Year 1, Month 1, Day 16: The Gray Lady

The New York Times has a length limit of 150 words; I managed to get it down to 149. Tomorrow I’ll be out most of the day making calls for Coakley at a local phonebank. I hate doing it, but it’s not something I feel a lot of choice about. My voice will be wrecked by the evening…with luck I’ll recover before a full day of teaching on Sunday.

Another of the Times’ stipulations is that letters have to explicitly address an issue discussed in a recent article. Fortunately, a few seconds of searching their site found me a recent piece on the possibilities of post-Copenhagen progress on climate, and I framed my letter around that. It was fun getting it trimmed to fit a 150-word maximum; I’ll try again in another week or so.

If you have suggestions for other journals, papers, magazines or forums I can write to, I will be interested in hearing them!

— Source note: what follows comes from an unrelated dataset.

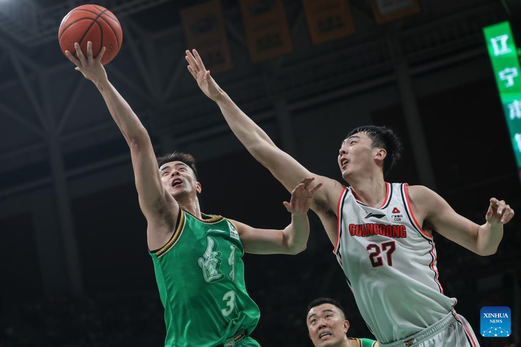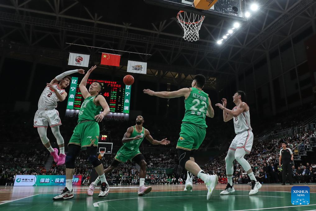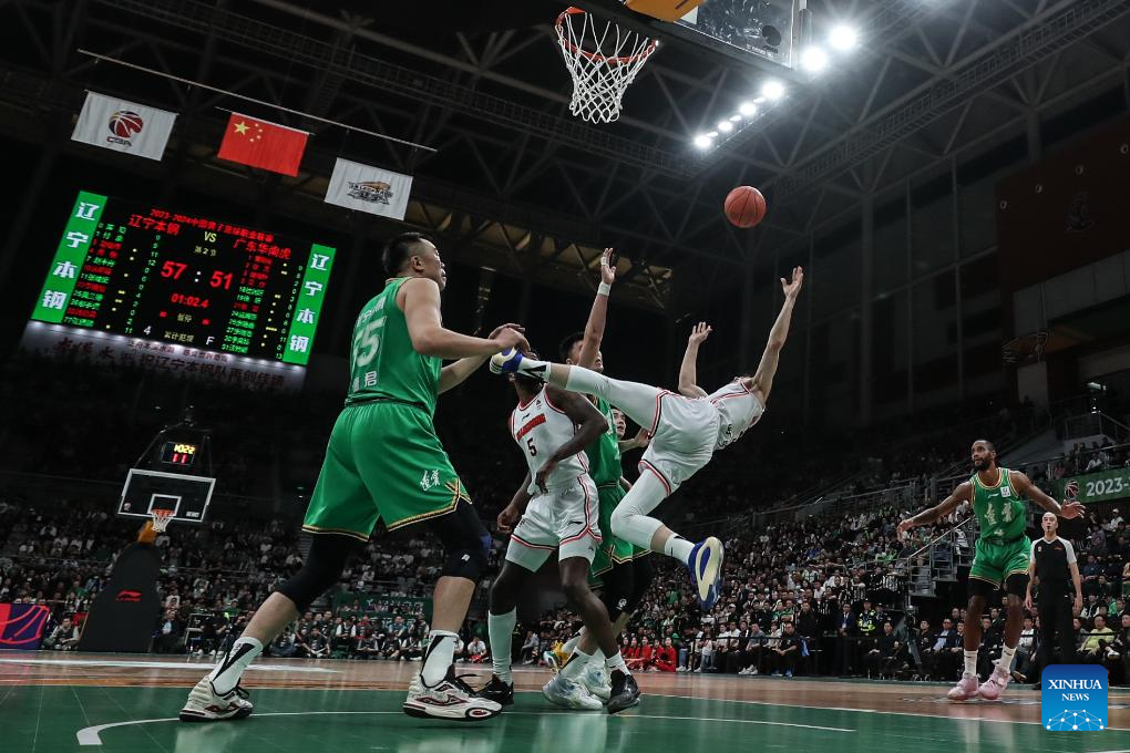 Hu Mingxuan (2nd R) of Guangdong Southern Tigers goes for a lay up and falls during the play-off semifinal first leg match between Liaoning Flying Leopards and Guangdong Southern Tigers at the 2023-2024 season of the Chinese Basketball Association (CBA) league in Shenyang, northeast China's Liaoning Province, May 1, 2024. (Xinhua/Pan Yulong)

American climate change negotiator Todd Stern’s is cautiously optimistic (“U.S. Official Says Talks on Emissions Show Promise” – John M. Broder, January 14). Unfortunately his caution is more reality-based than his optimism. Stern’s statements are full of conditionals, as witness the end of the first sentence: “…if countries followed through on its provisions.” The dilemma lies, as do so many of our problems, in the Senate, where a significant number of lawmakers have abandoned any notion of crafting policy around scientific consensus, basing it instead on poll numbers or ideological opposition to the current administration. And because our mass media has for years downplayed the threat posed by global climate change, the public has not grasped the terrifying reality of anthropogenic climaticide for what it is: a planetary emergency of unparalleled scale. Our failure to address this crisis with the requisite urgency may be the final failure of our species.